__EXERCISE DATA__

^^^^^^^^

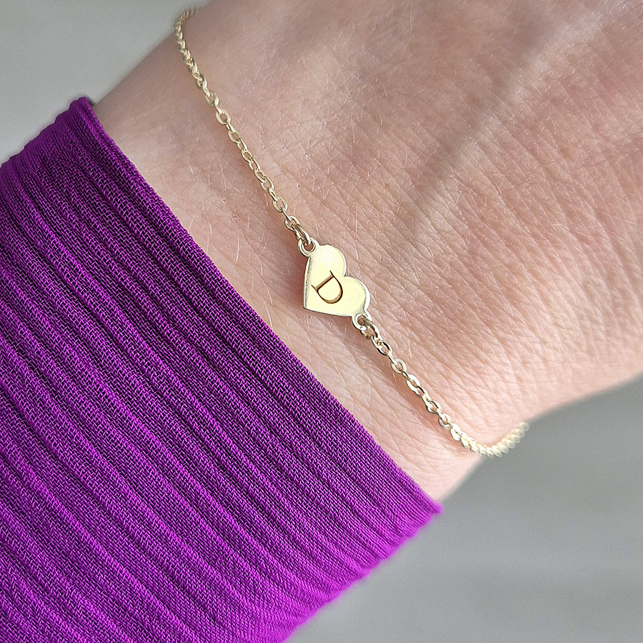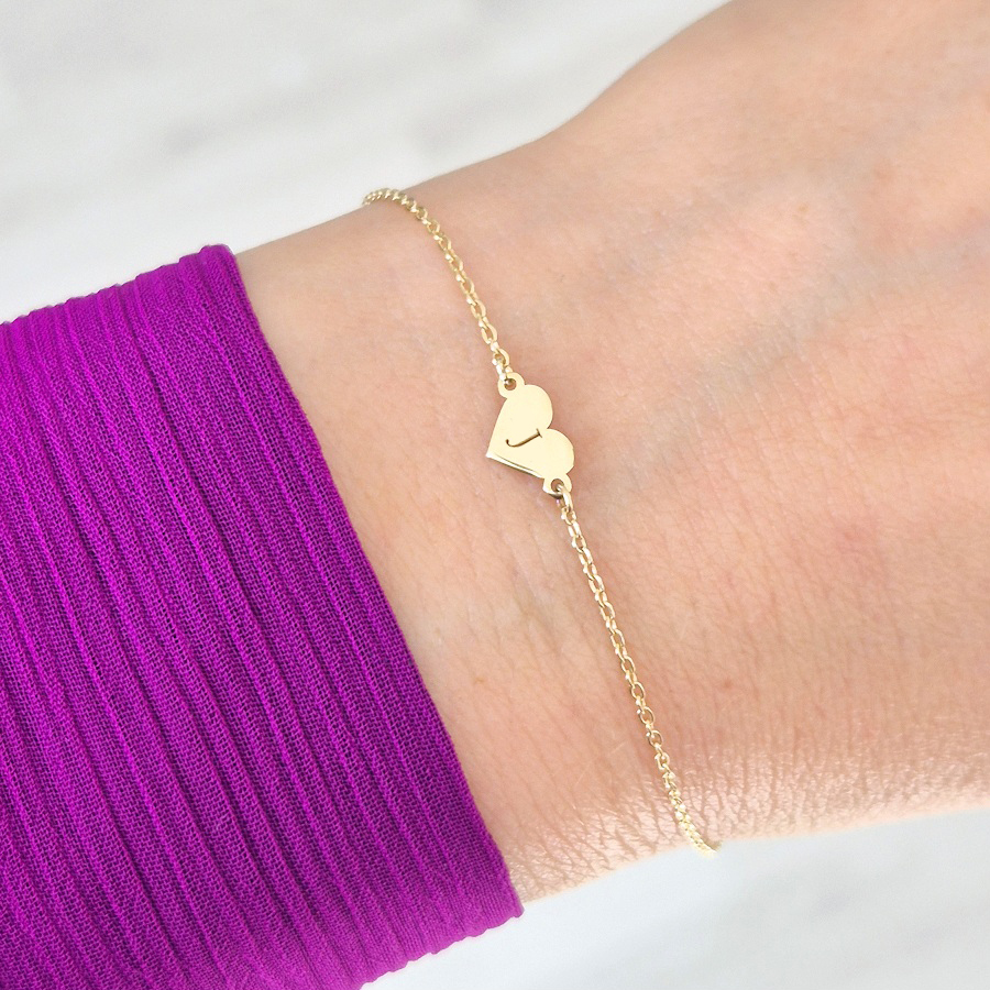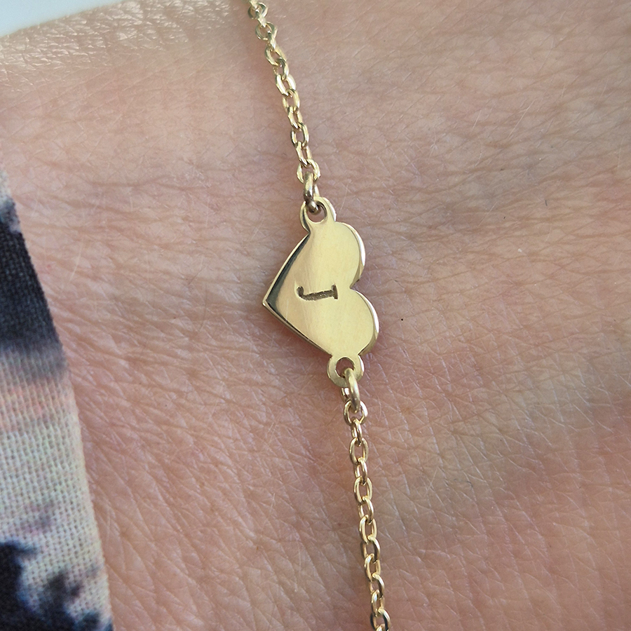 Úvod » PERSONALIZOVANÉ šperky → » Zlatý náramok s MINI SRDIEČKOM a INICIÁLOU -14k zlato
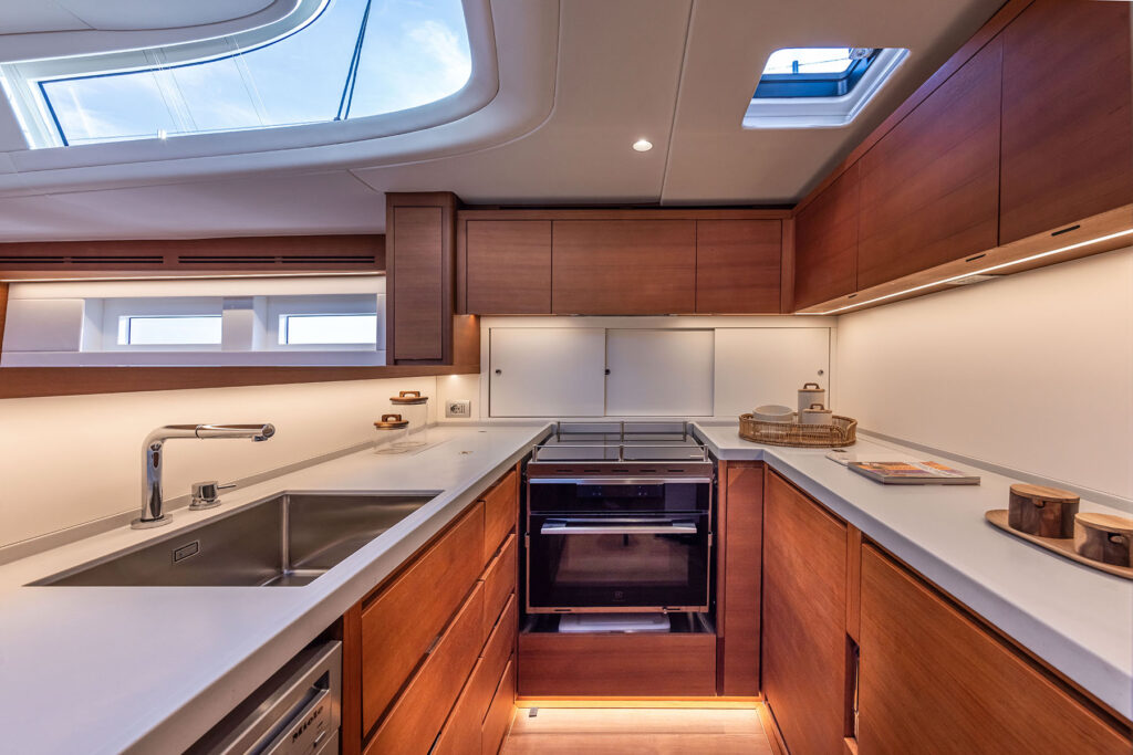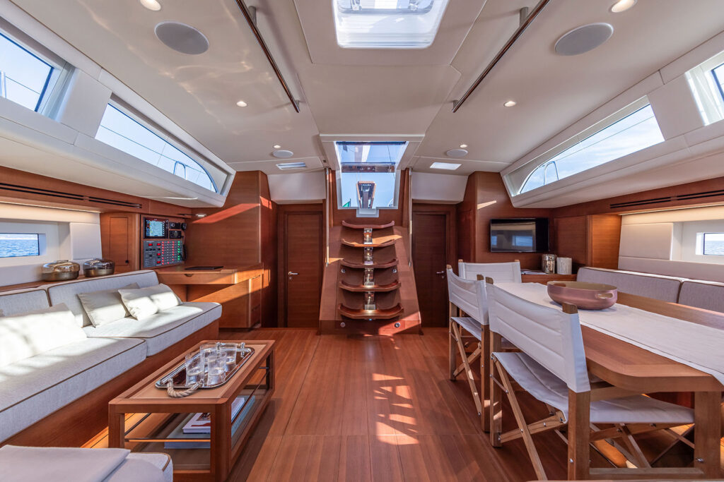Sottocoperta, il Grand Soleil 65LC differisce leggermente rispetto alla versione Performance. Il salone, posto in posizione rialzata rispetto alle cabine per lasciare spazio alla sala macchine, ospita una sala relax ed un’area pranzo. Questa soluzione permette uno spazio maggiore nelle due cabine di poppa, più grandi per l’assenza del vano tecnico solitamente posizionato tra di esse. Questo layout assicura anche altri vantaggi: il salone più vicino al livello del pozzetto permette di realizzare una scala di dimensioni ridotte. Infine, sfruttando appieno il baglio massimo, questa disposizione regala una vista a 270 gradi sull’esterno. Il Grand Soleil 65LC prevede la cucina a centro barca, creando così un unico grande open-space unito alla zona giorno.
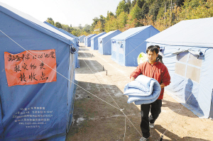 1月8日,瑞丽市勐秀乡中学老师刘高峰把棉被送到老师帐篷内。 12月26日,云南省德宏傣族景颇族自治州瑞丽市分别发生4.9级、4.0级地震,其中勐秀乡勐秀中学和中心小学受损较为严重。为保障孩子们安心上学,学校把最好的房子让给学生做宿舍,老师们一直住在临时帐篷内。 新华社发
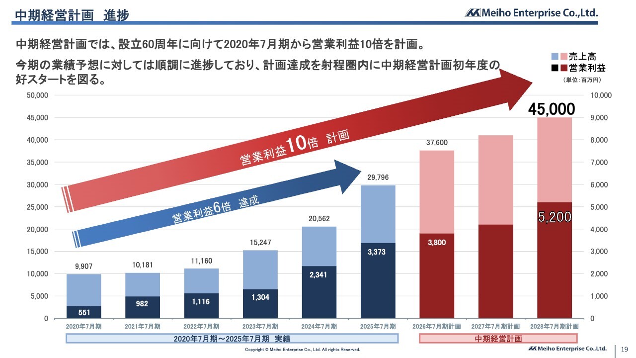 2025年9月11日に発表した中期経営計画で掲げた、2028年7月期の売上高450億円、営業利益52億円という目標の達成に向けて、確かな手応えを感じながら事業を進めています。引き続き安定した成長を実現し、今期計画および中期経営計画の実現に向けて着実に歩みを進めていきます。

^^^^^^^^

__EXERCISE__
All that belongs in the answer is the exact run of lines from the line containing "Sottocoperta, il Grand" to the end of the listing above, pictures removed.

__YOUR RESPONSE__
Sottocoperta, il Grand Soleil 65LC differisce leggermente rispetto alla versione Performance. Il salone, posto in posizione rialzata rispetto alle cabine per lasciare spazio alla sala macchine, ospita una sala relax ed un’area pranzo. Questa soluzione permette uno spazio maggiore nelle due cabine di poppa, più grandi per l’assenza del vano tecnico solitamente posizionato tra di esse. Questo layout assicura anche altri vantaggi: il salone più vicino al livello del pozzetto permette di realizzare una scala di dimensioni ridotte. Infine, sfruttando appieno il baglio massimo, questa disposizione regala una vista a 270 gradi sull’esterno. Il Grand Soleil 65LC prevede la cucina a centro barca, creando così un unico grande open-space unito alla zona giorno.
 1月8日,瑞丽市勐秀乡中学老师刘高峰把棉被送到老师帐篷内。 12月26日,云南省德宏傣族景颇族自治州瑞丽市分别发生4.9级、4.0级地震,其中勐秀乡勐秀中学和中心小学受损较为严重。为保障孩子们安心上学,学校把最好的房子让给学生做宿舍,老师们一直住在临时帐篷内。 新华社发
 2025年9月11日に発表した中期経営計画で掲げた、2028年7月期の売上高450億円、営業利益52億円という目標の達成に向けて、確かな手応えを感じながら事業を進めています。引き続き安定した成長を実現し、今期計画および中期経営計画の実現に向けて着実に歩みを進めていきます。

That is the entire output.